First, create the virtualenv by running:
sudo apt install python3-venv
Now use this tool to create a virtual environment in your working directory.
python3 -m venv python-envThe next step is to activate this virtual environment by running the activation script.
source python-env/bin/activate
When running, you will notice a terminal prompt that the prefix of your virtual environment name is as follows:
Output
(python-env) ubuntu@user:Now install the required packages by running:
pip install scikit-learn numpy
The random module is part of the Python standard library, so you don't need to install it separately. It comes with Python and can be used directly without any additional installation.

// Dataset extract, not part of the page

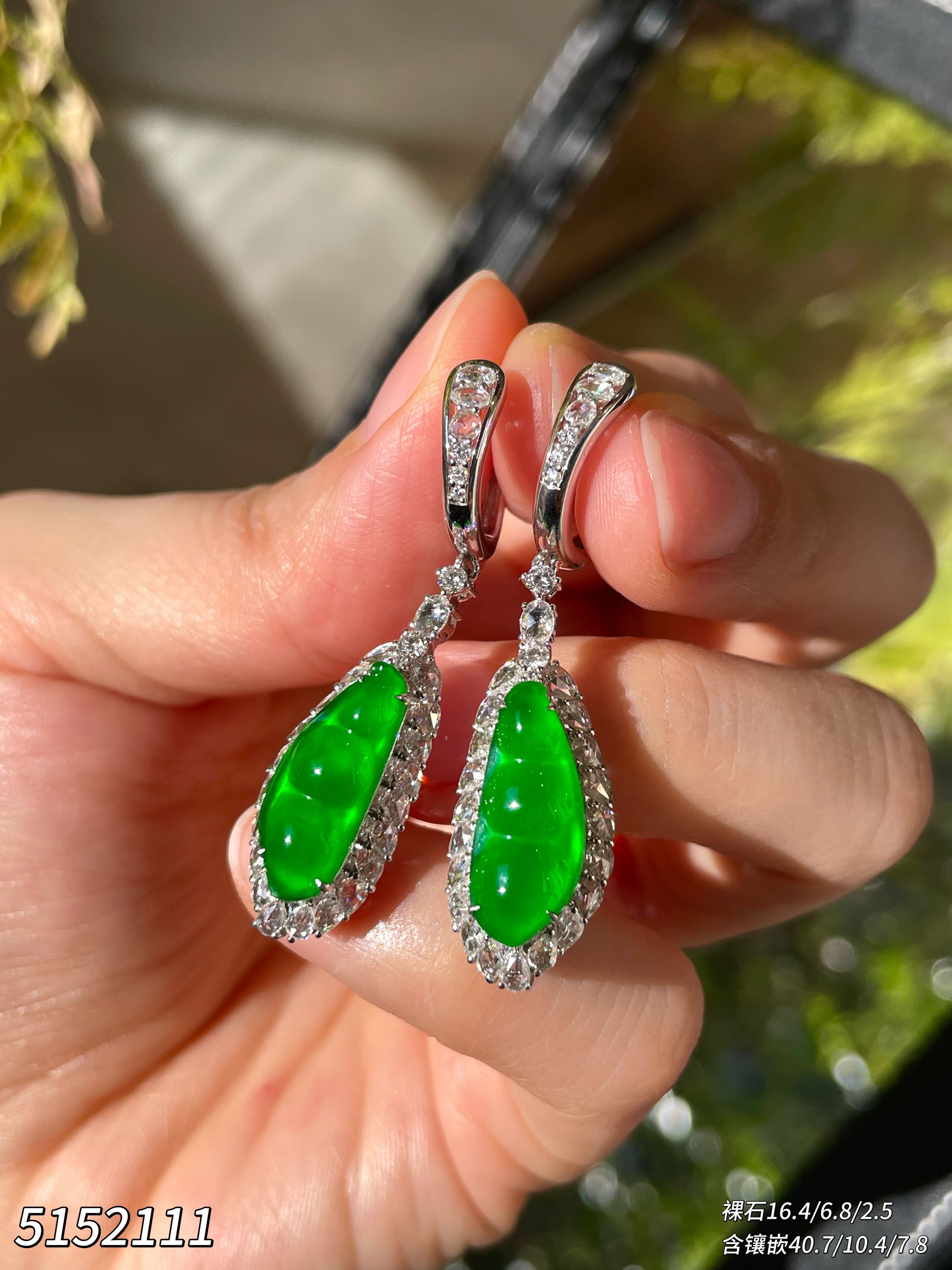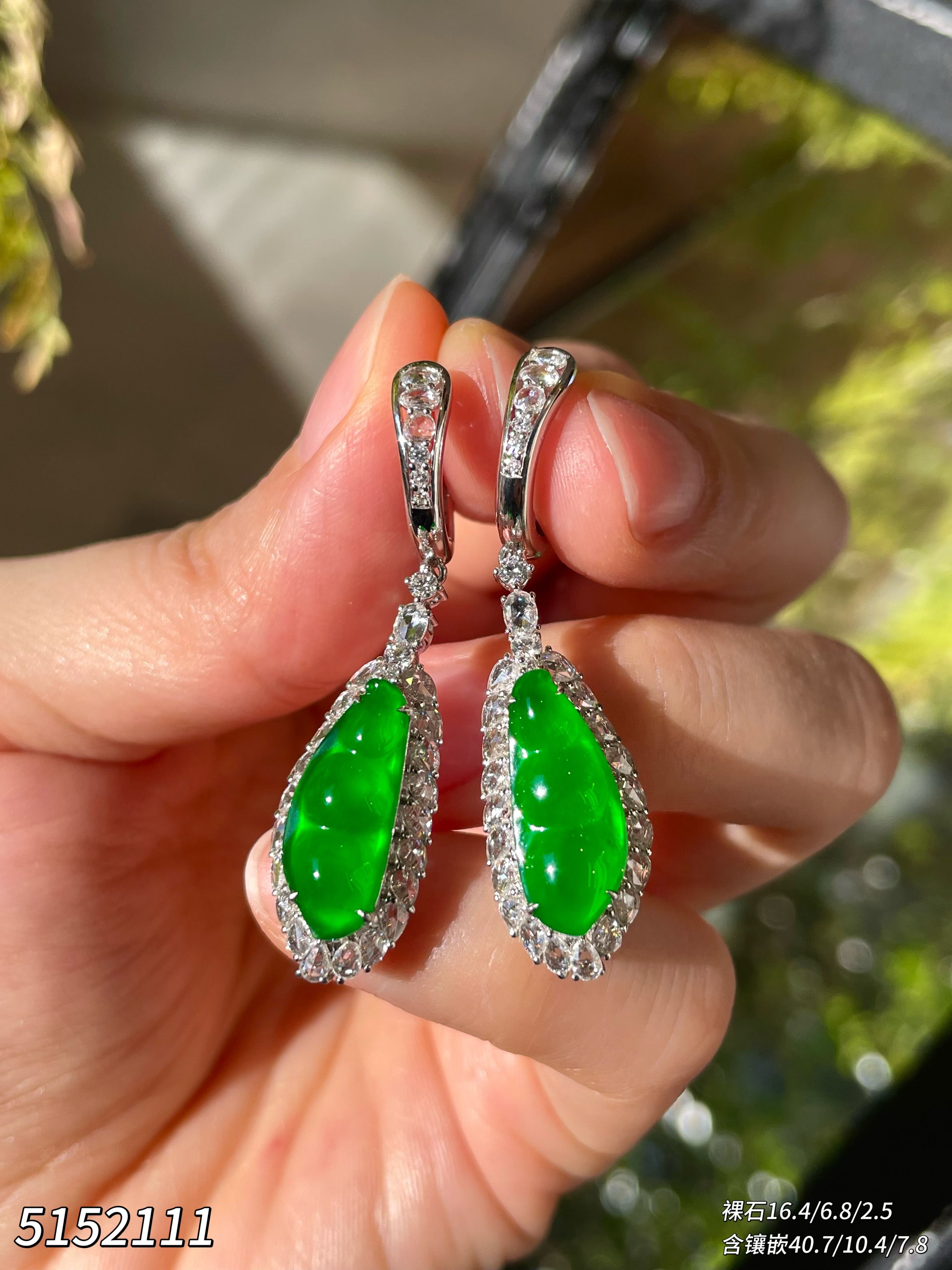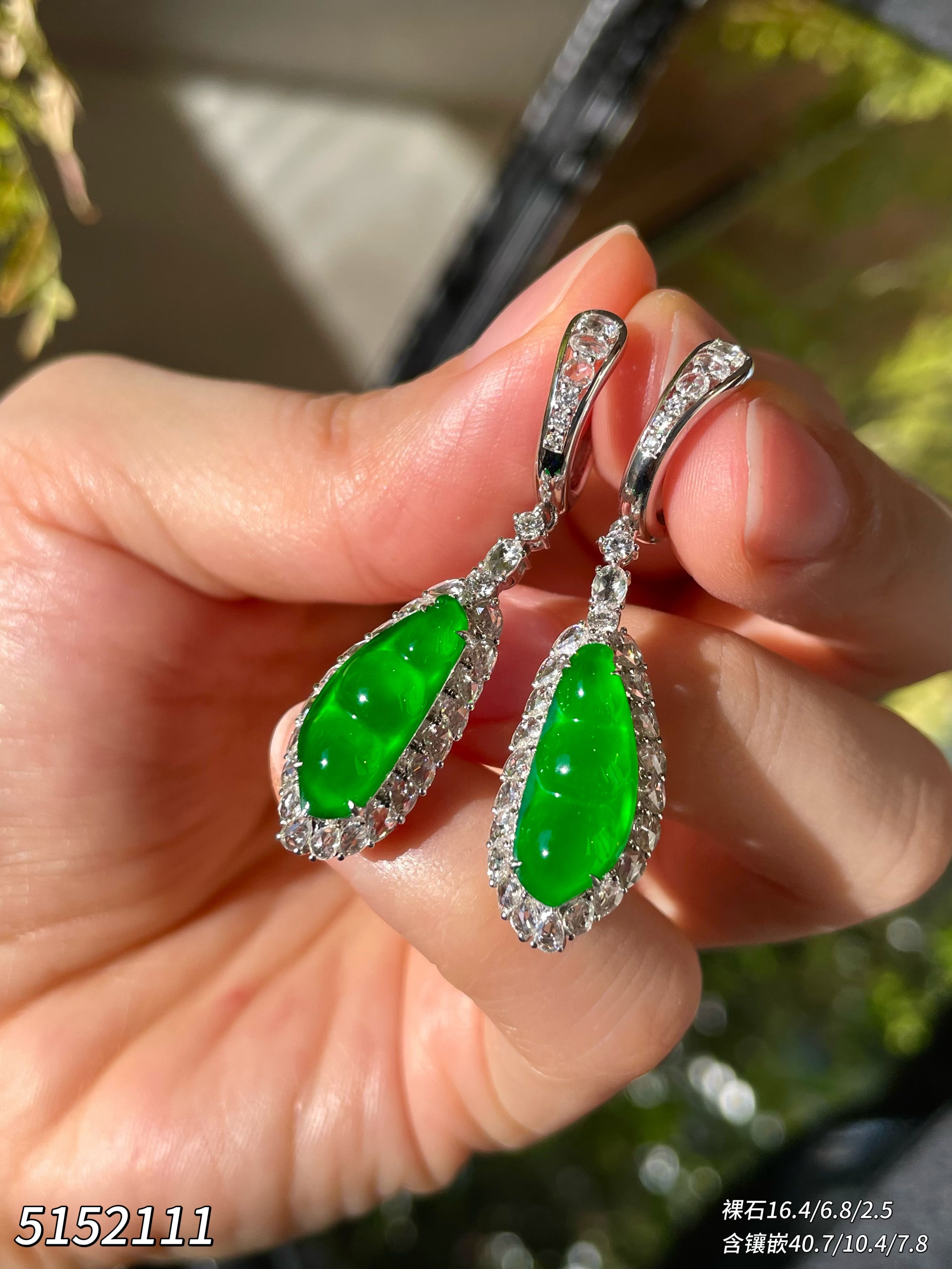玻璃种帝王绿蛋面耳坠【6023104】具体价格微信咨询

Step 4 – Run the Python script
Now that you have all the required packages, you can run your Python script by running the following command in your working directory:
python3 demo_ai.py
After successful execution, you will see the desired output.
Output
(python-env) ubuntu@user:~/scripts/python demo_ai.py
The number 5 is an Odd number.
(python-env) ubuntu@user:~/scripts/python demo_ai.py
The number 17 is an Odd number.Step 5 [Optional] – Make the script executable
Script execution allows you to run it directly without having to explicitly call Python by typing python3. This makes your script run faster and more conveniently.
Open your Python script using a text editor.
nano demo_ai.py
At the top of the file, add a shebang, #!, which tells the system what interpreter to use when executing the script. Add the following line before your code:
#!/usr/bin/env python3
Save and close the file.
Now, make this script executable so that it can be run like any other program or command in your terminal.
chmod +x demo_ai.py
Upon successful execution, you will immediately see the control. From now on, you can run your script as follows:
./demo_ai.py
Result
Running Python scripts on an Ubuntu machine is a simple process. By understanding how to run Python scripts, you can begin to explore the powerful tools that Python offers, including those essential for artificial intelligence development.